The SOTA in time of publishing was around 65% (achieved by Augment Agent v0 on March 2025). The SOTA today is 75%, a 10-point improvement. We're still 10 points short of the predicted milestone.
It is possible that improvements on the benchmark have been achieved and not yet published, but that seems unlikely.[2]
Thoughts
This post considers near-term predictions, and the details written here are likely to be different a few months or even weeks from now.
Because this analysis focuses on the near term, real-world outcomes are likely to be influenced by minute details; a one-month delay in releasing a new model (say, due to marketing reasons) could completely change the narrative.
Thus, one shouldn't take these fine-grained details too seriously. The main point of AI 2027 is not to give a completely accurate reading of the timelines, but to play out a hypothetical example of what an intelligence explosion might look like. The authors themselves admit that the current narrative is too aggressive and the real timeline will likely be slower.
What these results do provide is evidence that, indeed, the suggested AI 2027 timelines are unlikely to be met; this should perhaps nudge us towards slightly longer timelines.
The first set of predictions (the two agent benchmarks) might take twice as long in reality - say, 6 months to hit those milestones instead of 3.
If we stretch the entire timeline by that factor, everything would run about 2x slower, so a self-improving AI is achieved by 2029 (four years from now) instead of 2027.
This is all getting highly speculative, and can be taken in different directions:
- longer timelines: AI 2027's earlier predictions were easier to reason about, since they were closer to the capabilities at time of publishing. If even those milestones arrive late, it suggests real-life tends to be slower than predicted, and the intelligence explosion (which has far more unknowns) is likely to be pushed down even further.on the other hand, it might be argued that we're at a 'low point' in the AI product cycle, and extrapolation based on this time period is unjustified. The release of GPT5 (and similarly capable models) might provide better insights.
Also, it's clear that benchmarks are not a perfect way to measure capabilities, and often benchmark scores don't reflect the models' real-world utility. I believe benchmarks are often played too optimistically (companies achieve impressive-looking scores by optimizing narrow tasks while real-world performance is disappointing), but the reverse is also possible (a benchmark is unnecessarily difficult and a mediocre score hides impressive real-world performance).
Thus, "SWEBench progress is slower than expected" does not necessarily amount to "agent progress is slower than expected". However, I do believe there's a non-zero correlation between the two statements. And while imperfect, benchmarks are still our best way to test progress, rather than ambiguous discussion on which models "seem better". METR has done impressive research in formalizing benchmarks and gaining insights from partial numerical data.

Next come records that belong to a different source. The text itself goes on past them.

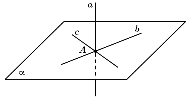 II. Твердження є правильним, через точку \(A\) можна провести безліч перпендикулярних площин до площини \(\style{font-style:normal;font-weight:bold;font-size:1.1em}{\alpha}.\) Достатньо, щоб побудована перпендикулярна площина проходила через пряму \(a\) з п. I.
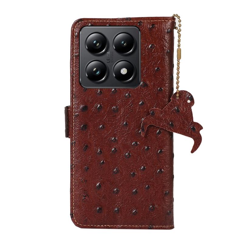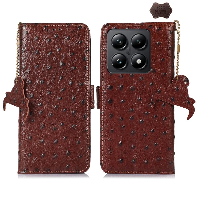 For Xiaomi 14T Pro Ostrich Pattern Genuine Leather RFID Phone Case(Coffee)
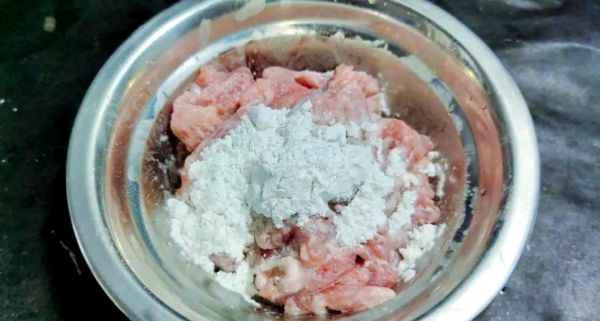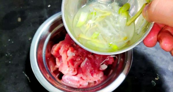取適量紅薯粉,加入剛燒開的熱水中攪拌均勻。務(wù)必使用紅薯粉,并確保用開水調(diào)制,以獲得更佳口感。將調(diào)制好的紅薯粉漿緩緩倒入肉片中,進行充分的抓拌,使每一片肉都均勻裹上粉漿。接著,再加入半湯匙的干紅薯粉,繼續(xù)抓拌均勻后備用。

I believe that frequent discussion on how the timelines play out is valuable; a monthly community post analyzing the AI 2027 timelines can be a great way to check our assumptions.
If the consensus is that the original timeline was too aggressive, another idea for community effort is rewriting the original plot with a longer-term horizon, say an "AI 2030" narrative, which will be published here and then analyzed in real-time, month by month.
- ^
Arguably there's still time. In 2.5 months we'll enter Q4 of 2025; at that point, the Stumbling Agents predictions should have been fully played out, and the next chapter of the narrative should start ("Late 2025: The World’s Most Expensive AI").
- ^
The new OpenAI agent model does mention SWEBench Verified in its system card, where it is roughly comparable (or slightly behind) o3's performance.